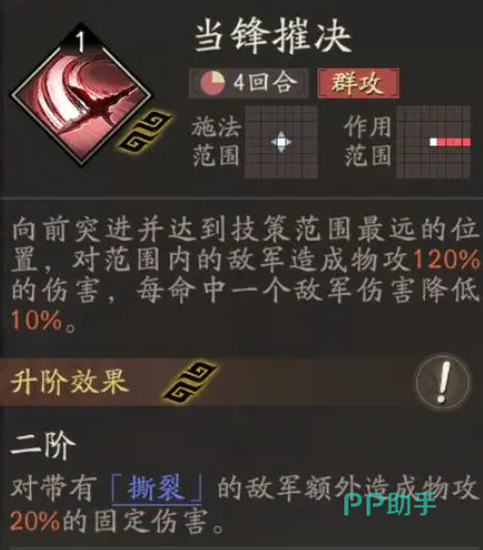 此外,当技能命中多个单位(超过两人)时,张辽将在下一回合获得短暂的规避状态,使敌方无法锁定其为目标,相当于提供了一回合的免伤保护。为了进一步提升输出效率,主动技能【当锋摧决】应优先升级至满级。该技能具备穿线打击特性,最多可覆盖五个敌人,每次命中后基础伤害衰减20%,但研修满级后衰减比例可降至5%,极大提升了持续输出能力。副将搭配方面,建议选择具有伤害加成或针对特定目标增伤效果的角色,以强化张辽的整体输出表现。
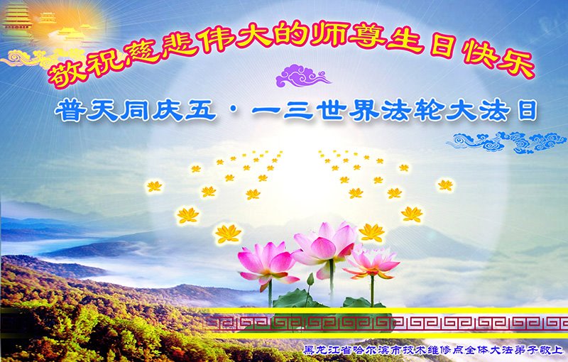 黑龙江省哈尔滨技术维修点全体大法弟子敬祝师尊生日快乐!普天同庆五·一三世界法轮大法日!
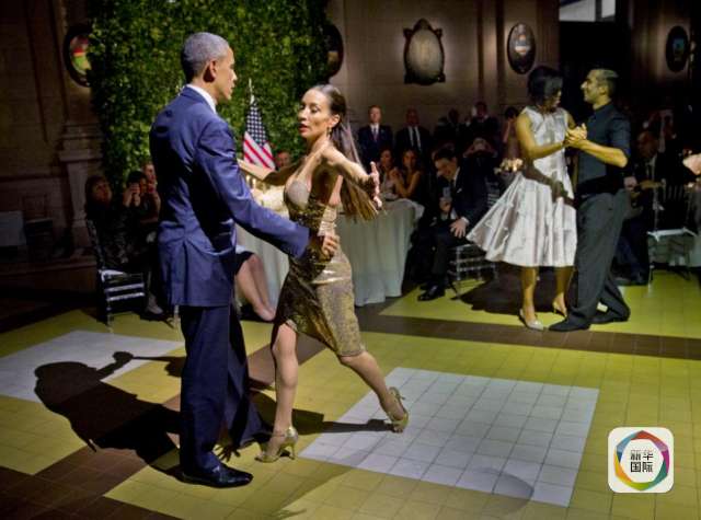 据悉,当晚奥巴马受阿根廷总统马克里邀请,在位于首都布宜诺斯艾利斯的基什内尔文化中心出席国宴。席间,一名为远道而来的客人表演探戈的女性舞者突然出现在奥巴马面前,邀请他和自己共舞一曲。
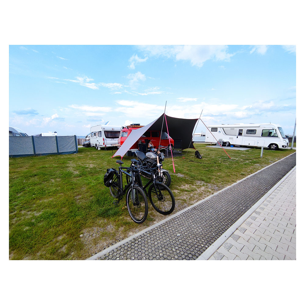 Aktuell sind auf dem Dach zwei Solarpanels verbaut, wodurch ein autarker Betrieb von Kompressorkühlbox und das Laden von Handys, Computern und Bluetoothbox möglich ist. Trotzdem ist noch ausreichen Platz für z.B. eine Dachbox oder Fahrräder.
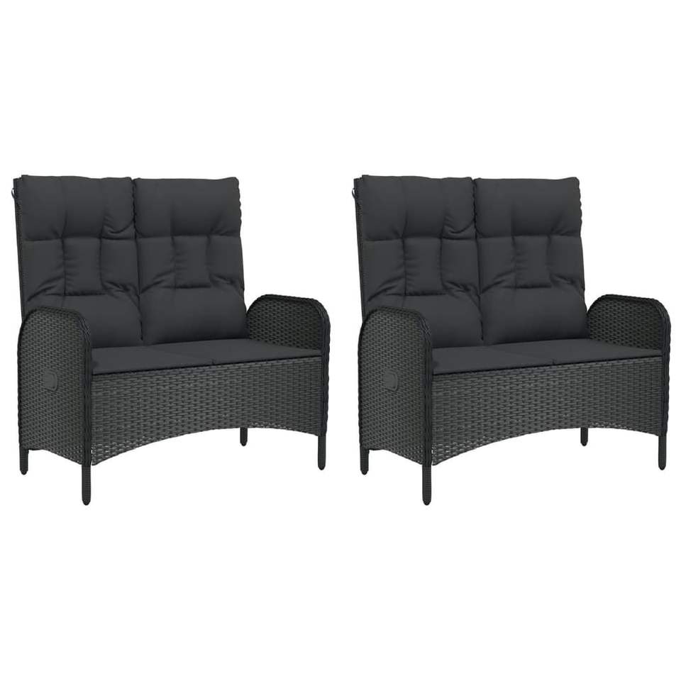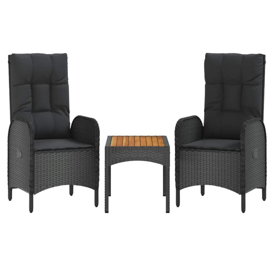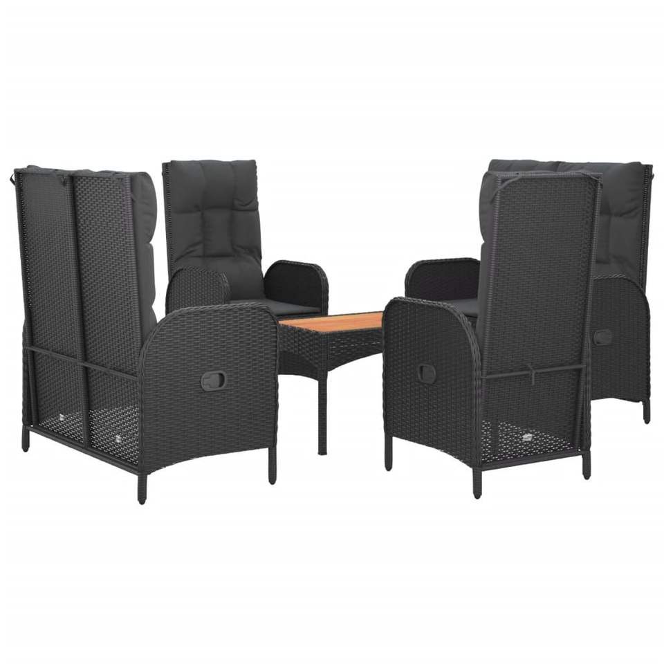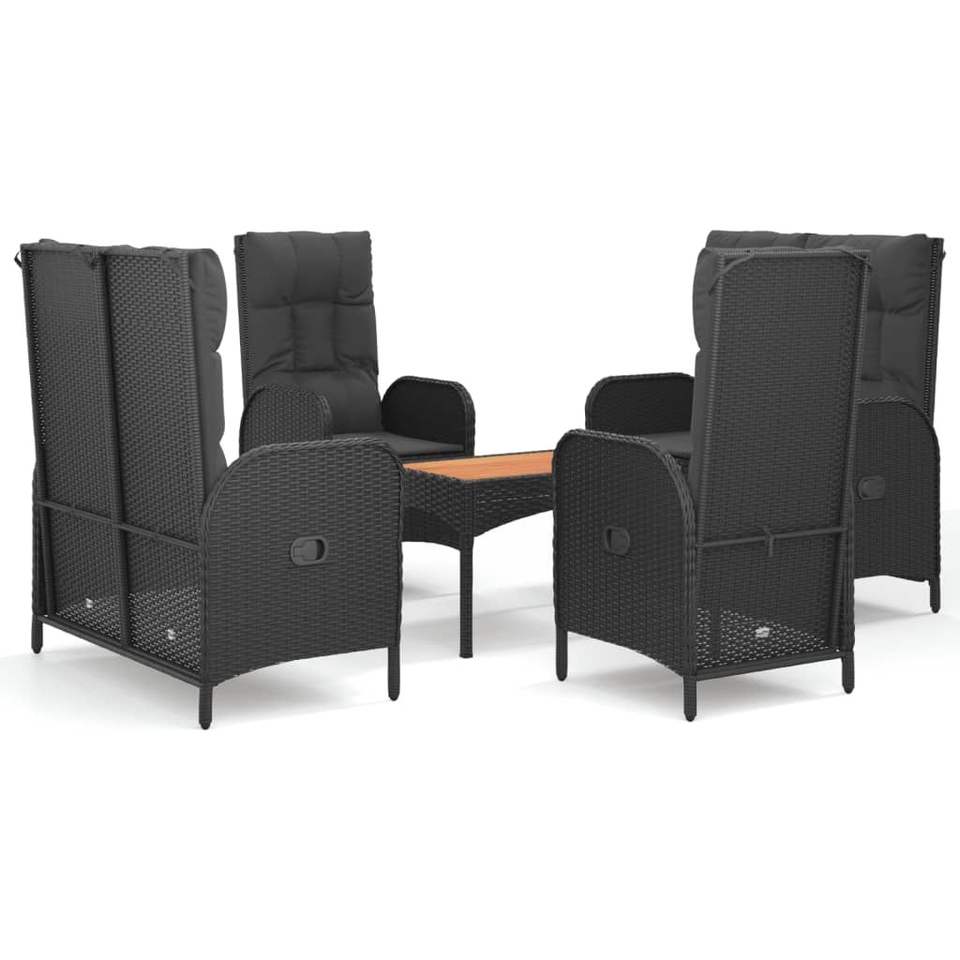 Ensemble de salle à manger de jardin en polyrotin noir avec accoudoirs réglables, grand mobilier de patio
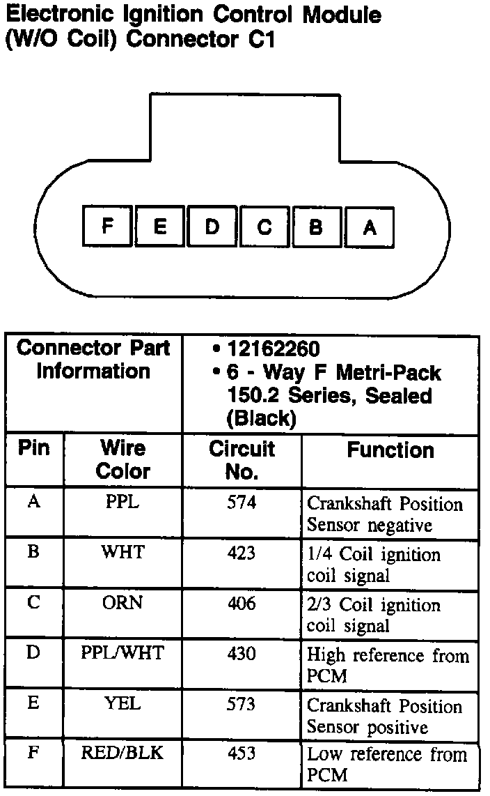 Electronic Ignition Control Module (W/O Coil) Connector: C1:
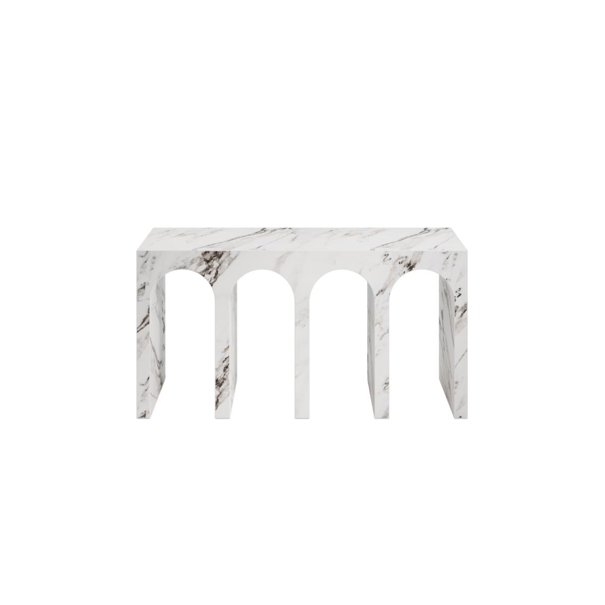 Adds a luxurious and timeless look to your space, mimicking the beauty of natural marble. Offers a modern, elegant silhouette that enhances the visual appeal of any room. Provides a sleek, understated surface that complements a variety of interiors. Serves as a bold statement piece, making it a striking focal point in any room. Ideal for entryways, living rooms, or hallways, bringing both style and functionality to your home. The Archie Console Table is a stunning piece that blends contemporary design with timeless elegance. Featuring a striking Calacatta marble effect and a modern arched silhouette, this console table makes a bold statement in any room. The matte finish enhances its sleek and sophisticated look, while its large size ensures it serves as a focal point in your space. Perfect for entryways, hallways, or as an accent piece in your living room, the Archie Console Table adds a touch of luxury and modern flair to your home decor. Dimensions: W150 x D40 x H76 cm Material: Concrete Finish: Matte Colour: White Assembly required: No Weight: 52.12 kg Maximum supported weight: 120 kg Packed dimensions:W49 x D157.2 x H84.5 cm
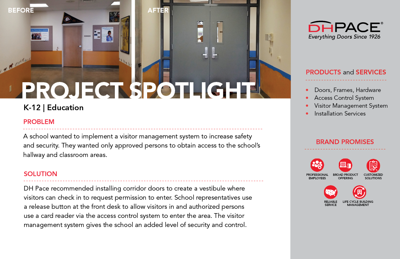 DH Pace recommended installing corridor doors to create a vestibule where visitors can check in to request permission to enter. School representatives use a release button at the front desk to allow visitors in and authorized persons use a card reader via the access control system to enter the area. The visitor management system gives the school an added level of security and control.
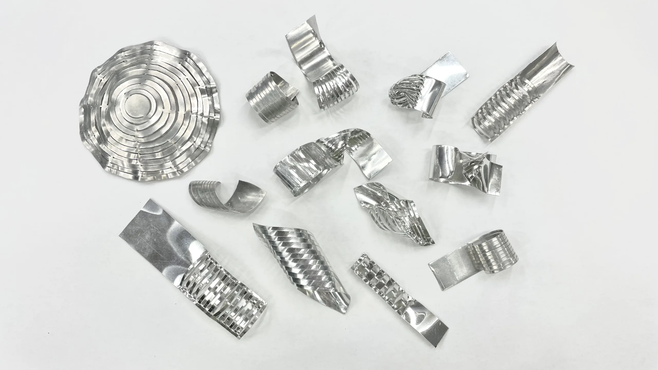 核と循環を金属でどのように表現できるかを模索する制作過程の中で生まれた作品たち。完成作品の発想の起点として、核から外へ連なり循環するスパイラル形状を試みた。同一形状の反復と大きさの差異により、一定でありながら揺らぐリズムを探っている。しなやかさと光の表情に惹かれ、素材にはアルミニウムを選択した。
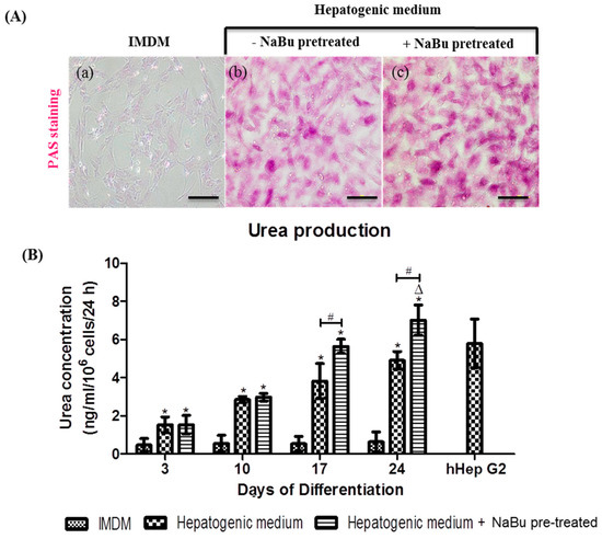 - An, S.Y.; Han, J.; Lim, H.J.; Park, S.Y.; Kim, J.H.; Do, B.R.; Kim, J.H. Valproic acid promotes differentiation of hepatocyte-like cells from whole human umbilical cord-derived mesenchymal stem cells. Tissue Cell 2014, 46, 127–135. [Google Scholar] [CrossRef] [PubMed]

#### Work order:
Restate, line by line and word for word, everything from the top of the material through the line that contains "Electronic Ignition Control". Leave pictures out.

#### Answer for this exercise:
 此外,当技能命中多个单位(超过两人)时,张辽将在下一回合获得短暂的规避状态,使敌方无法锁定其为目标,相当于提供了一回合的免伤保护。为了进一步提升输出效率,主动技能【当锋摧决】应优先升级至满级。该技能具备穿线打击特性,最多可覆盖五个敌人,每次命中后基础伤害衰减20%,但研修满级后衰减比例可降至5%,极大提升了持续输出能力。副将搭配方面,建议选择具有伤害加成或针对特定目标增伤效果的角色,以强化张辽的整体输出表现。
 黑龙江省哈尔滨技术维修点全体大法弟子敬祝师尊生日快乐!普天同庆五·一三世界法轮大法日!
 据悉,当晚奥巴马受阿根廷总统马克里邀请,在位于首都布宜诺斯艾利斯的基什内尔文化中心出席国宴。席间,一名为远道而来的客人表演探戈的女性舞者突然出现在奥巴马面前,邀请他和自己共舞一曲。
 Aktuell sind auf dem Dach zwei Solarpanels verbaut, wodurch ein autarker Betrieb von Kompressorkühlbox und das Laden von Handys, Computern und Bluetoothbox möglich ist. Trotzdem ist noch ausreichen Platz für z.B. eine Dachbox oder Fahrräder.
 Ensemble de salle à manger de jardin en polyrotin noir avec accoudoirs réglables, grand mobilier de patio
 Electronic Ignition Control Module (W/O Coil) Connector: C1:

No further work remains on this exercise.